▶ **DATA SHOWN**:

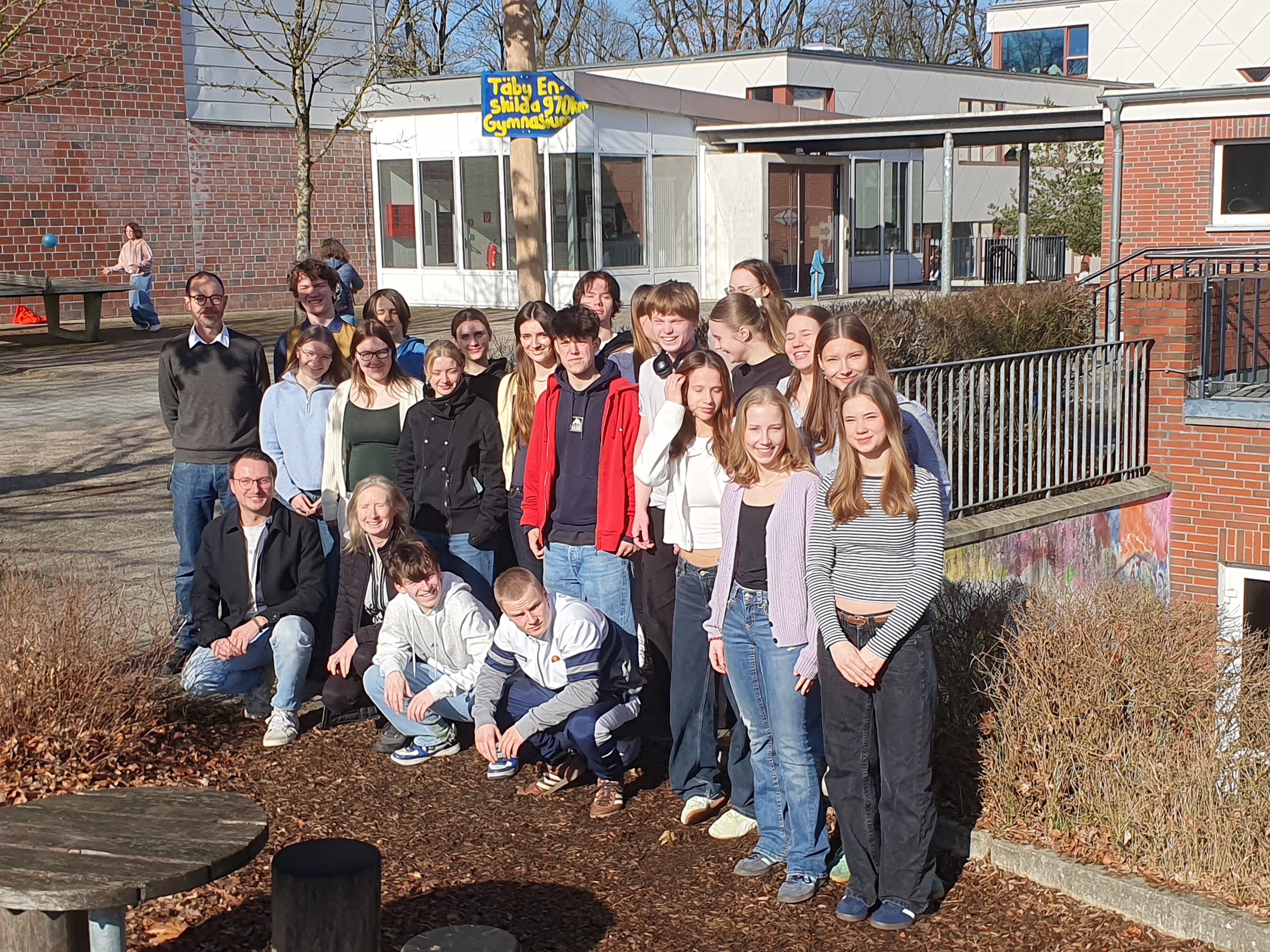 Den Auftakt machte die schwedische Partnerschule Täby Enskilda, zudem sich ehemalige und aktuelle Teilnehmende sowie Schulleiter Christian Hack und die betreuenden Lehrkräfte Brenda Peters und Erik Balschun zu einem Foto versammelten.
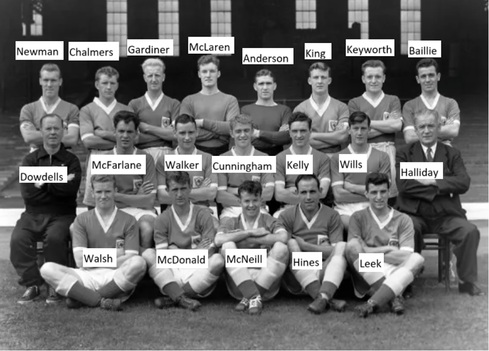 The squad at the start of the 1958/59 season, before Halliday quit and Gillies took over.
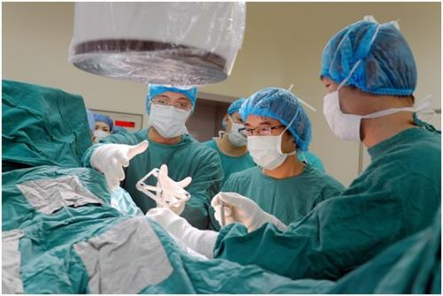 骨科专家操纵机器人为患者手术

▶ **DESCRIPTION OF THE TASK**: What is needed is a word-for-word restatement of the lines from the one holding "The squad at" to the final line of the data above, inclusive, without any pictures.

▶ **ANSWER SPACE**:
 The squad at the start of the 1958/59 season, before Halliday quit and Gillies took over.
 骨科专家操纵机器人为患者手术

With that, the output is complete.